Why, then, was Sam Marlowe visiting this ozone-swept Gehenna? Why, with all the rest of England at his disposal, had he chosen to spend a week at breezy, blighted Bingley?

Simply because he had been disappointed in love. He had sought relief by slinking off alone to the most benighted spot he knew, in the same spirit as other men in similar circumstances had gone off to the Rockies to shoot grizzly-bears.

To a certain extent the experiment had proved successful. If the Hotel Magnificent had not cured his agony, the service and the cooking there had at least done much to take his mind off it. His heart still ached, but he felt equal to going to London and seeing his father, which, of course, he ought to have done immediately upon his arrival in England.

He rose from his bench, and, going back to the hotel to enquire about trains, observed a familiar figure in the lobby. Eustace Hignett was leaning over the counter, in conversation with the desk-clerk.

"Hullo, Eustace!" said Sam.

"Hullo, Sam!" said Eustace.

There was a brief silence. The conversational opening had been a little unfortunately chosen, for it reminded both men of a painful episode in their recent lives.

"What are you doing here?" asked Eustace.

"What are you doing here?" asked Sam.

"I came to see you," said Eustace, leading his cousin out of the lobby and onto the bleak esplanade. A fine rain had begun to fall, and Bingley looked, if possible, worse than ever. "I asked for you at your club, and they told me you had come down here."

"What did you want to see me about?"

"The fact is, old man, I'm in a bit of a hole."

"What's the matter?"

"It's rather a long story," said Eustace deprecatingly.

"Go ahead."

"I don't know where to begin."

"Have a dash at starting at the beginning."

Eustace stared gloomily at a stranded crab on the beach below. The crab stared gloomily back.

"Well, you remember my telling you about the girl I met on the boat?"

"Jane Something?"

"Jane Hubbard," said Eustace reverently. "Sam, I love that girl."

"I know. You told me."

"But I didn't tell her . I tried to muster up the nerve, but we got to Southampton without my having clicked. What a dashed difficult thing a proposal is to bring off, isn't it!
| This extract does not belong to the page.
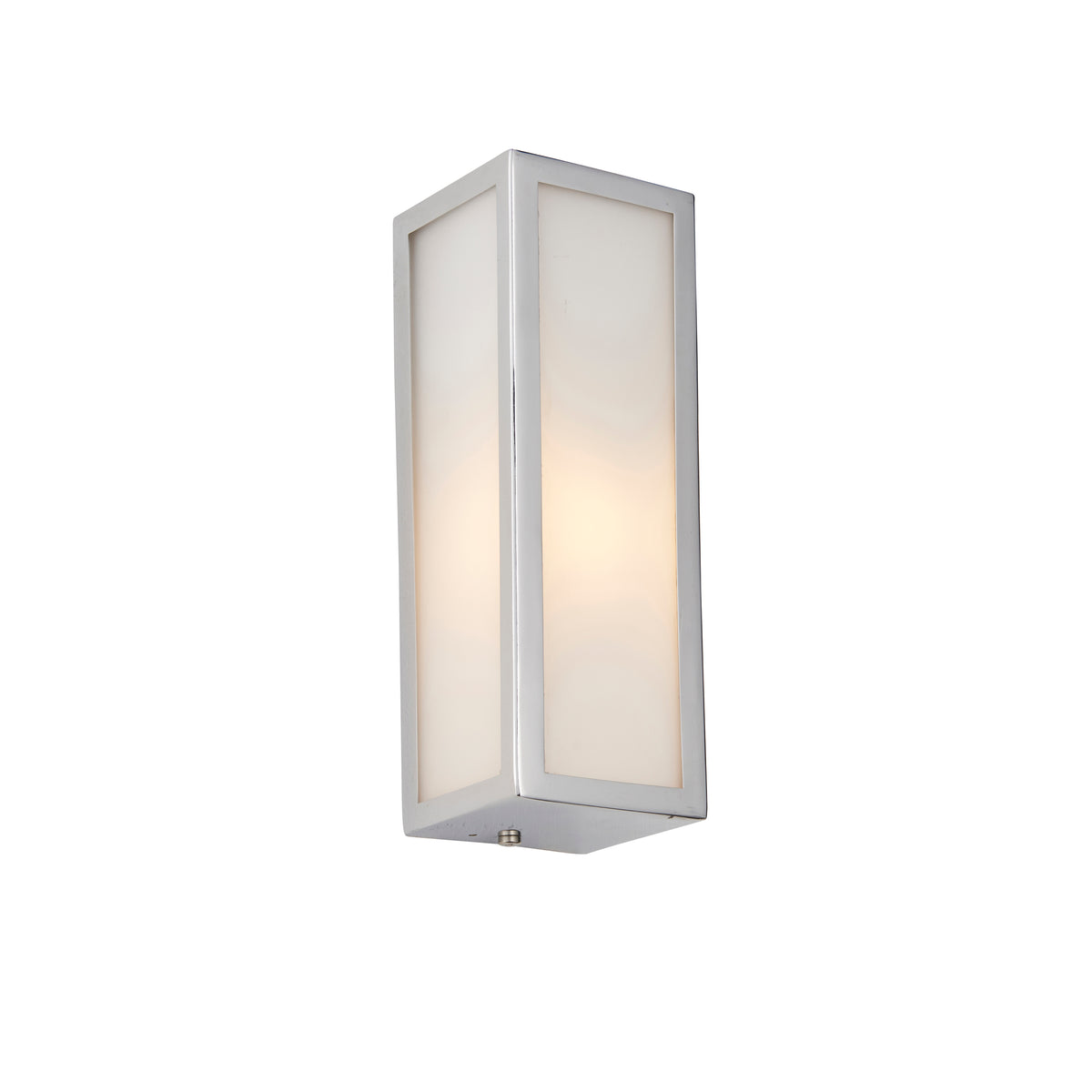 Simple yet stylish contemporary wall light with chrome plate finish and frosted glass diffuser. Dimmable and IP44 rated ideal to create a relaxing ambient light in any bathroom. Larger size also available.

I didn't bring it off, and it began to look to me as though I was in the soup. And then she told me something which gave me an idea. She said the Bennetts had invited her to stay with them in the country when she got to England, Old Mr. Bennett and his pal Mortimer, Bream's father, were trying to get a house somewhere which they could share. Only so far they hadn't managed to find the house they wanted. When I heard that, I said 'Ha!'"

"You said what?" asked Sam.

"I said 'Ha!'"

"Why?"

"Because I had an idea. Don't interrupt, old man, or you'll get me muddled. Where was I?"

"I don't know."

"I remember. I'd just got the idea. I happened to know, you see, that Bennett and Mortimer were both frightfully keen on getting Windles for the summer, but my mother wouldn't hear of it and gave them both the miss-in-baulk. It suddenly occurred to me that mother was going to be away in America all the summer, so why shouldn't I make a private deal, let them the house, and make it a stipulation that I was to stay there to look after things? And, to cut a long story short, that's what I did."